Now, we can finally send our document to Amazon Bedrock!

In [None]:
%%time

modelId = "anthropic.claude-3-haiku-20240307-v1:0"  # (change this to try different model versions)

body = json.dumps(
    {
        "max_tokens": 4_096,
        "system": system_prompt,
        "temperature": 0.0,
        "messages": messages,
        "anthropic_version": "bedrock-2023-05-31",
    }
)


try:
    response = bedrock_runtime.invoke_model_with_response_stream(
        body=body,
        modelId=modelId,
        accept="application/json",
        contentType="application/json",
    )

    output = ""

    stream = response.get("body")

    if stream:
        for event in stream:
            chunk = event.get("chunk")
            if chunk:
                chunk_obj = json.loads(chunk.get("bytes").decode())
                if "delta" in chunk_obj:
                    delta_obj = chunk_obj.get("delta", None)
                    if delta_obj:
                        text = delta_obj.get("text", None)
                        if text is not None:
                            output += text
                            print(text, end="")
                        if not text:
                            break
    print("")

except botocore.exceptions.ClientError as error:
    if error.response["Error"]["Code"] == "AccessDeniedException":
        print(
            f"\x1b[41m{error.response['Error']['Message']}\
                \nTo troubleshoot this issue please refer to the following resources.\
                \nhttps://docs.aws.amazon.com/IAM/latest/UserGuide/troubleshoot_access-denied.html\
                \nhttps://docs.aws.amazon.com/bedrock/latest/userguide/security-iam.html\x1b[0m\n"
        )

    else:
        raise error

Check out the output text!
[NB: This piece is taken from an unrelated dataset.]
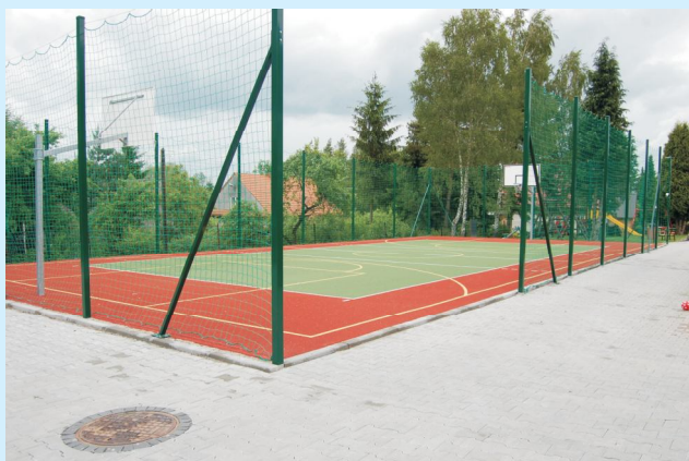
Ogólnodostępne boisko przy Szkole Podstawowej w Zakliczynie str 5
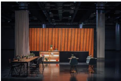
Studioatmosphäre im Küchenstil, © Vienna House

We recommend opening the PDF, previous `.txt` and the new text file side by side to see the text extraciton quality. How does parsing quality change when using Amazon Bedrock? Is it better or worse than Amazon Textract?

Don't forget to export the result as `.txt` file below:

In [46]:
base_filename = obj["Key"]
s3_filename = f"s3://{s3_bucket}/{base_filename}"
output_filename = base_filename.removesuffix(".pdf") + "_bedrock.txt"
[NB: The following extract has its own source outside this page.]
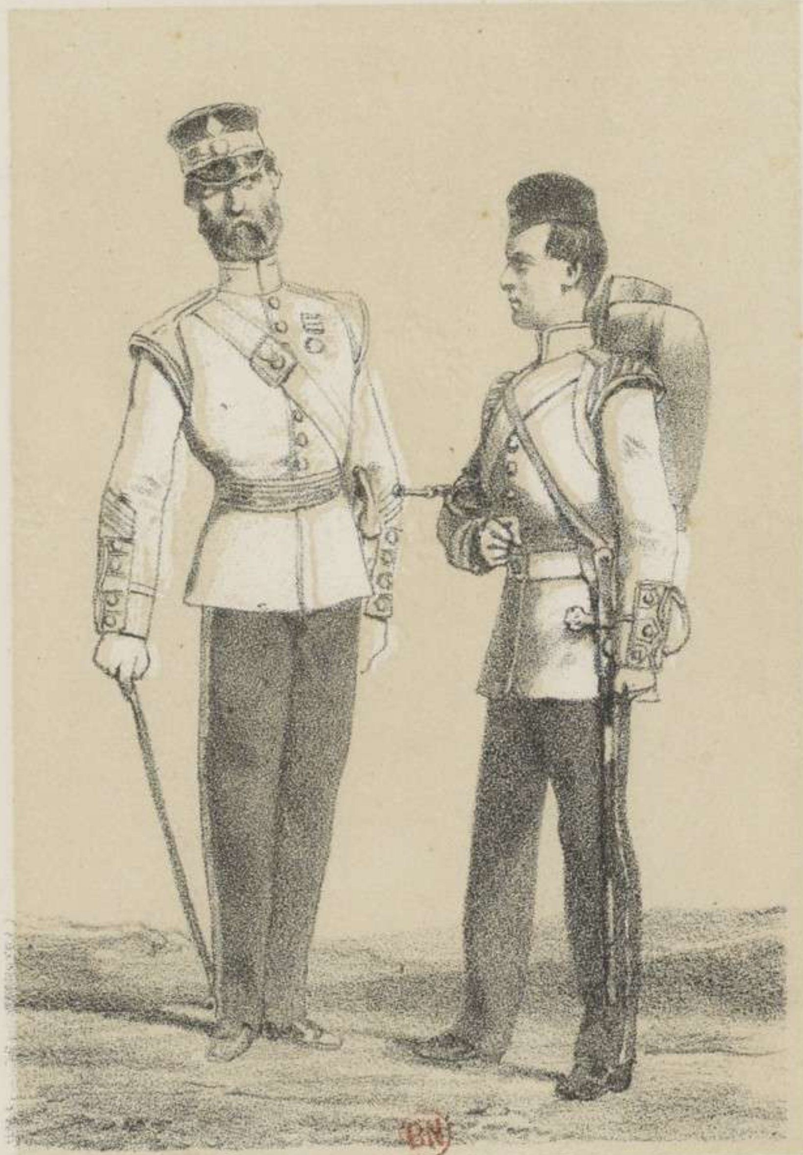
ROYAL FUSILIERS TAMBOUR-MAJOR & MUSICIEN.

with open(os.path.join(output_path, output_filename), "w") as text_file:
    text_file.write(output)

## Optional tasks

Once you are done, consider experimenting with one of the tasks below:

Amazon Textract:
- Check configuration arguments for `MarkdownLinearizationConfig` to see if you can tweak Textractor parameters to improve OCR quality.

Amazon Bedrock:
- Experiment with the LLM prompt to see if you can further improve the OCR quality/formatting when using Amazon Bedrock.
- Switch to a different multi-modal LLM and compare the OCR quality. Which model is doing best?
- Run LLM-based OCR for the second document in the demo folder. How does the performance compare?